» **What needs to be done**:
Exact wording is needed for every line from the one holding "照片說明(播放南農女力宣導影片給與會人員)" to the end of the records below; write those lines out and omit the pictures.

» **Supplied data**:
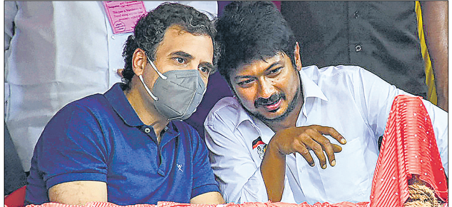
मद्रुरे के अवनियापुरम में गुरुवार को जल्लिकट्टू देखते कांग्रेस नेता राहुल गांधी और डीएमके के सचिव उदयनिधि रत्नलिन।

सुंबई | राष्ट्रवादी कांग्रेस पार्टी (एनसीपी) प्रमुख शरद पवार ने गुरुवार को कहा कि कृषि कानूनों को लेकर गतिरोध को खत्म करने के लिए उच्चतम न्यायालय द्वारा गठित समिति में पूरी तरह स्वतंत्र व्यक्तियों को नियुक्त किया जाना चाहिए था। पवार ने कहा, आंदोलनकारी किसानों को समिति पर विश्वास नहीं है क्योंकि यह कहा गया है कि इसके सदस्य पहले केंद्र के नए कृषि कानूनों का समर्थन कर चुके हैं। लिहाजा, किसानों को नहीं लगता कि समिति से चर्चा करके कोई हल निकलेगा।
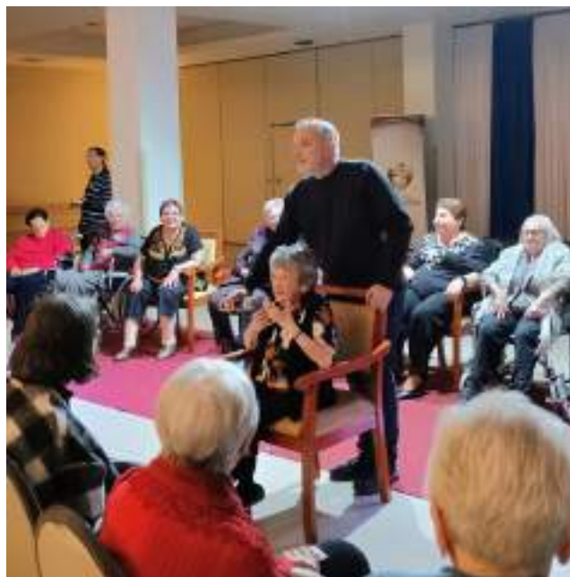
Presentación Sobre amores y otros recuerdos.
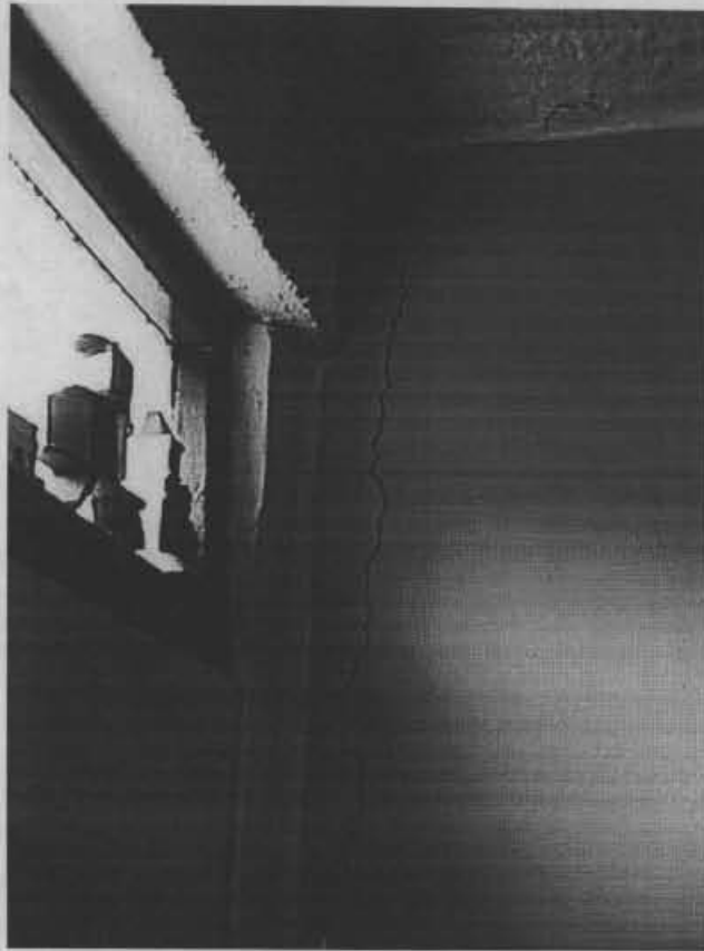
Fotografía No. 3. Grieta vertical en la esquina suroccidental del apartamento No. 301 perteneciente al bloque 15.

DIRECCION DE PREVENCION Y ATENCION DE EMERGENCIAS
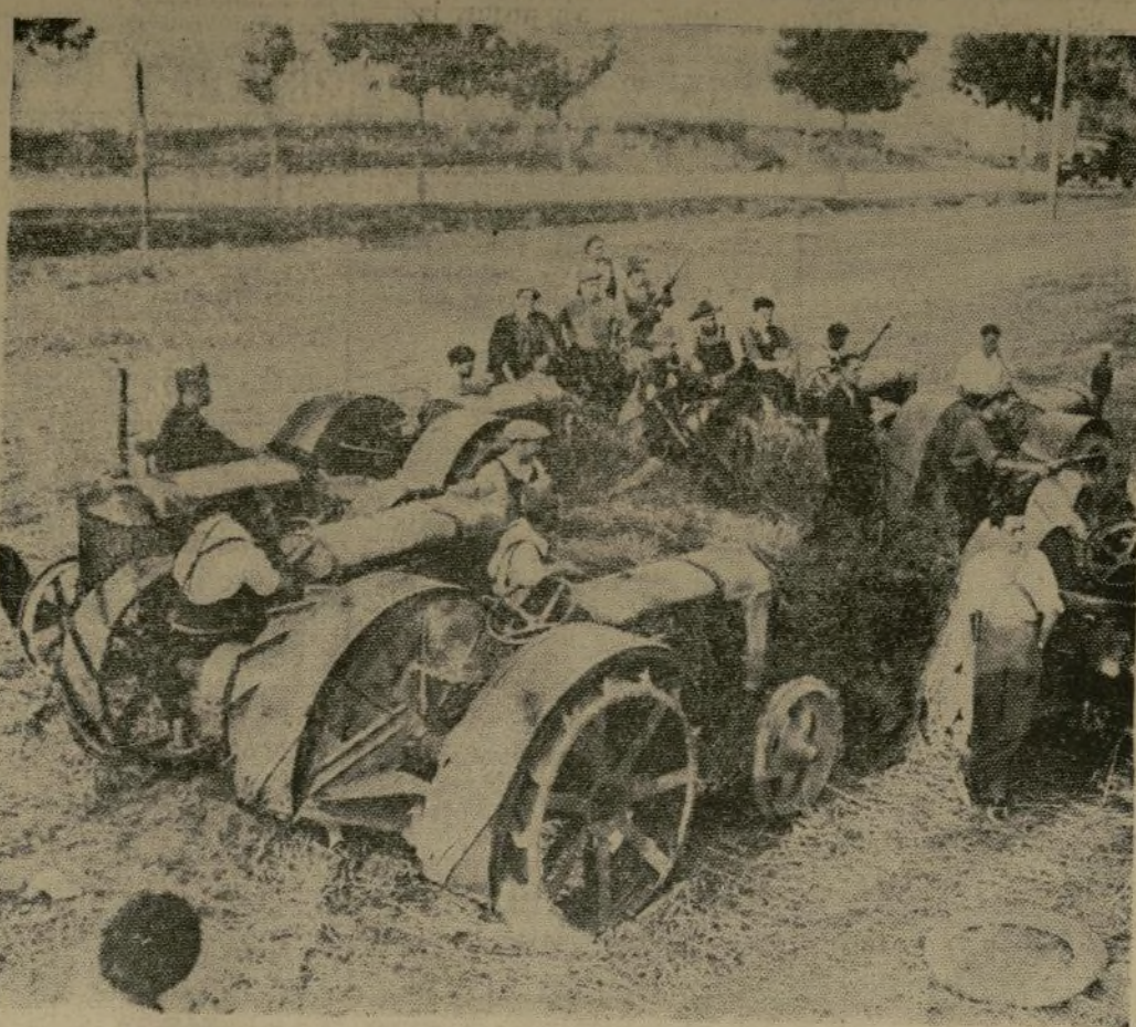
Tractores requisicionados por las tropas leales en las fincas de Aragón en donde debían ser empleados para la recogida de las cosechas.
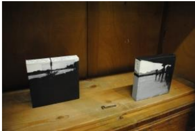
Guillermo Masedo 07
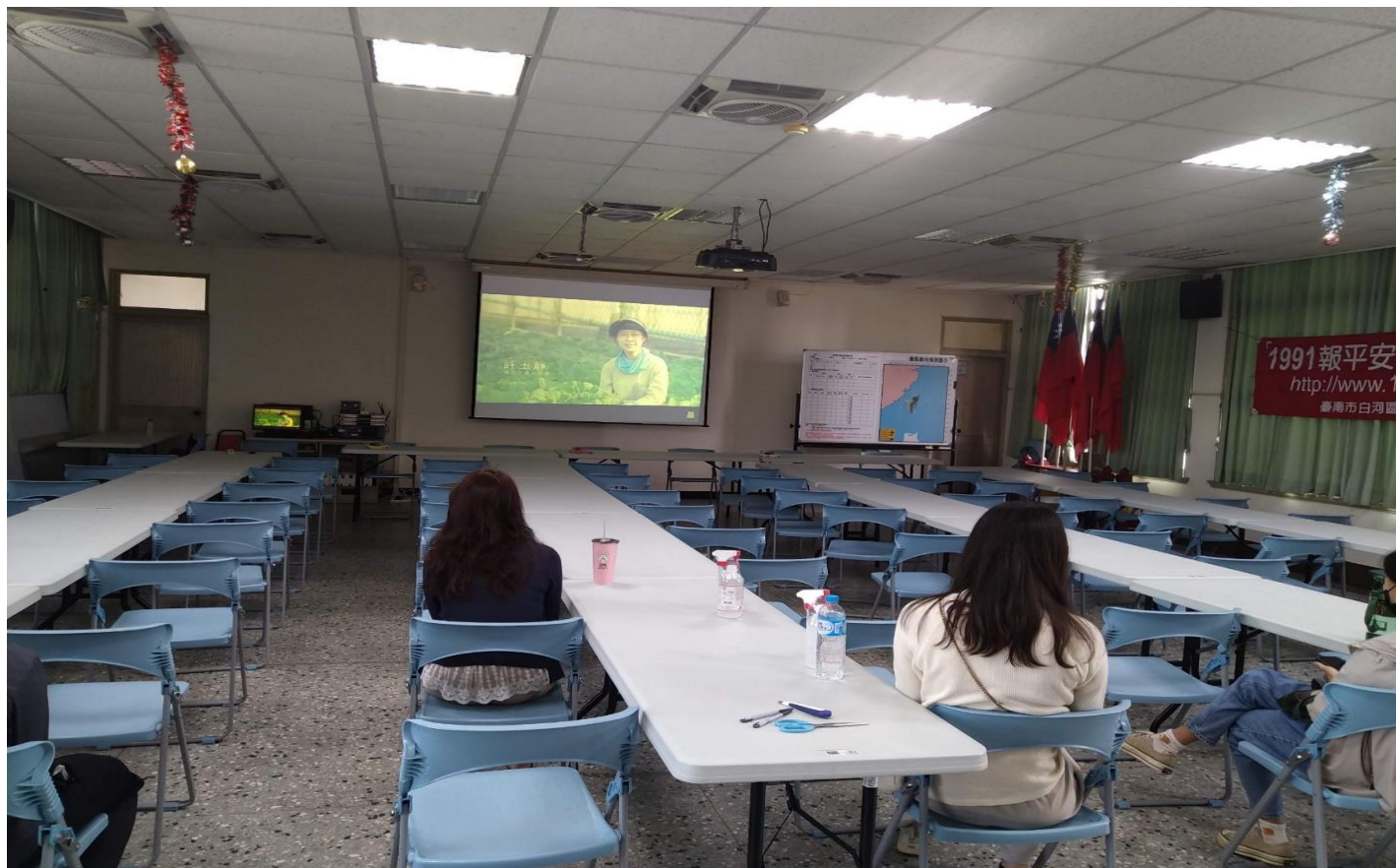
照片說明(播放南農女力宣導影片給與會人員)
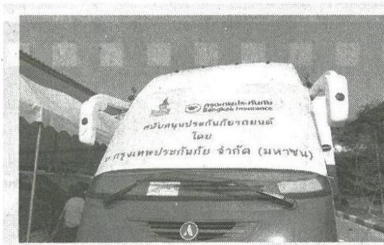
รถบริการทำแซน-ชาเทียมเคลื่อนที่
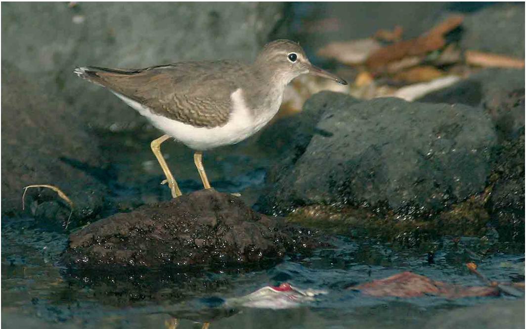
60 Spotted Sandpiper / Amerikaanse Oeverloper Actitis macularius , Madalena, Pico, Azores, 2 November 2006 (Frédéric Jiguet) cf Dutch Birding 28: 389, 2006
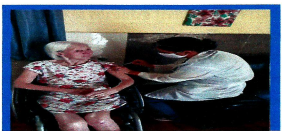
Dia: 17 Funcionários e Idosos sendo vacinados 2ª dose
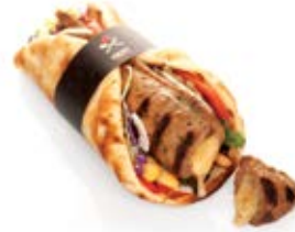
Μπιφτέκι γεμιστό με καπνιστό κασέρι

» **Response**:
照片說明(播放南農女力宣導影片給與會人員)
รถบริการทำแซน-ชาเทียมเคลื่อนที่
60 Spotted Sandpiper / Amerikaanse Oeverloper Actitis macularius , Madalena, Pico, Azores, 2 November 2006 (Frédéric Jiguet) cf Dutch Birding 28: 389, 2006
Dia: 17 Funcionários e Idosos sendo vacinados 2ª dose
Μπιφτέκι γεμιστό με καπνιστό κασέρι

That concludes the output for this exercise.